One hallmark of sporting greatness is the ability to steamroll all comers when in form. A more nuanced index of greatness is the ability to win even when out of form. The truly great find ways to win even when they are struggling.
Viswanathan Anand’s recent defence of the world title against Boris Gelfand in Moscow ticks that box and thus cements his claim to being one of the greats. Anand was in patchy form. He won by a narrow margin in a tiebreaker that could have gone either way. But he did win, against a determined challenger who played out of his skin.
This was Anand’s third and most difficult title defence. The two players traded one win each and hacked out ten draws at a normal time-control. To tiebreak, they played a mini match of four games at a short time-control and Anand managed to win one of those.
He is the only man to have won, or defended the world title, in three different formats. The first time, he worked his way through a 128-player knockout that started in Delhi and ended in Tehran.
The second time he won the title was in 2007 in Mexico City.

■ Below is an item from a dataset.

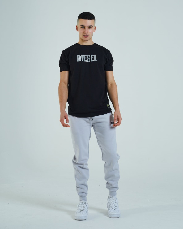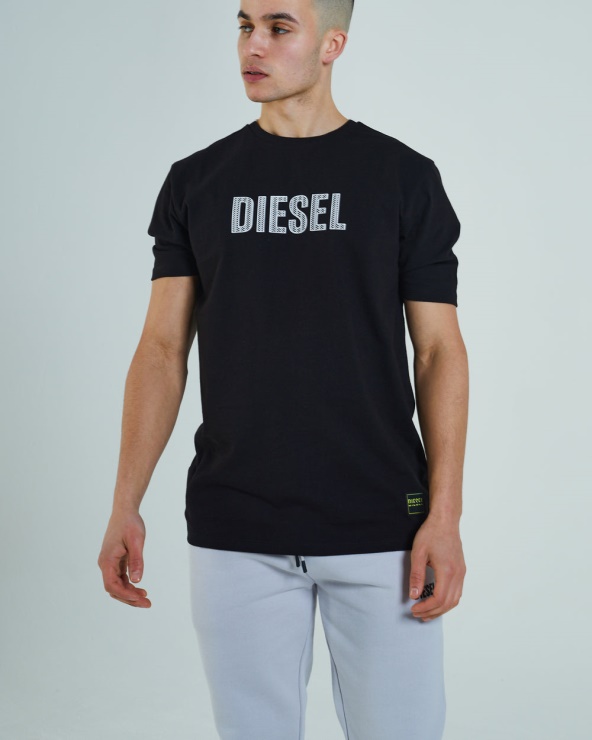 T-shirt En Coton Doux Pour Homme Avec Motif En Caoutchouc Audacieux Sur La Poitrine Et Badge Holographique Distinctif Sur L'ourlet. Logo DIESEL Réfléchissant Sur La Nuque. Le Mannequin Porte Du M. Il Est Recommandé De S'en Tenir à Sa Taille Habituelle. 100 % Coton

The format had changed, to a double game, round robin, featuring the world’s top eight players. In 2008, Anand beat challenger and former world champion Vladimir Kramnik in Bonn to defend the title. In 2010, he beat another former world champion, Veselin Topalov, in Sofia.
The record indicates his extreme versatility as well as, obviously, his skill. Each format imposes different demands. A knockout requires the ability to handle the unexpected on the fly, since the sequence of opponents is unknown. A round robin requires preparation against a battery of known opponents and also a careful setting of targets—which games to hold, which games to press.
The match play format is unique to chess and the most difficult to handle. One analogy would be a series of boxing matches between the same pair. Match play demands in-depth preparation. It means getting to know each other intimately. A lot of it is about guessing and second-guessing the opponent’s actions and reactions, while allowing for the fact that the opponent is doing precisely the same thing. In a certain limited sense, Anand and Gelfand now know each other better than their respective spouses.
It is difficult to manage a successful synthesis of match psychology and the technical details of preparation even when in the best of form. It is really difficult to do this when you are in the middle of a slump, as indeed Anand was and maybe still is. Only he knows how he managed to raise his standards when it really mattered.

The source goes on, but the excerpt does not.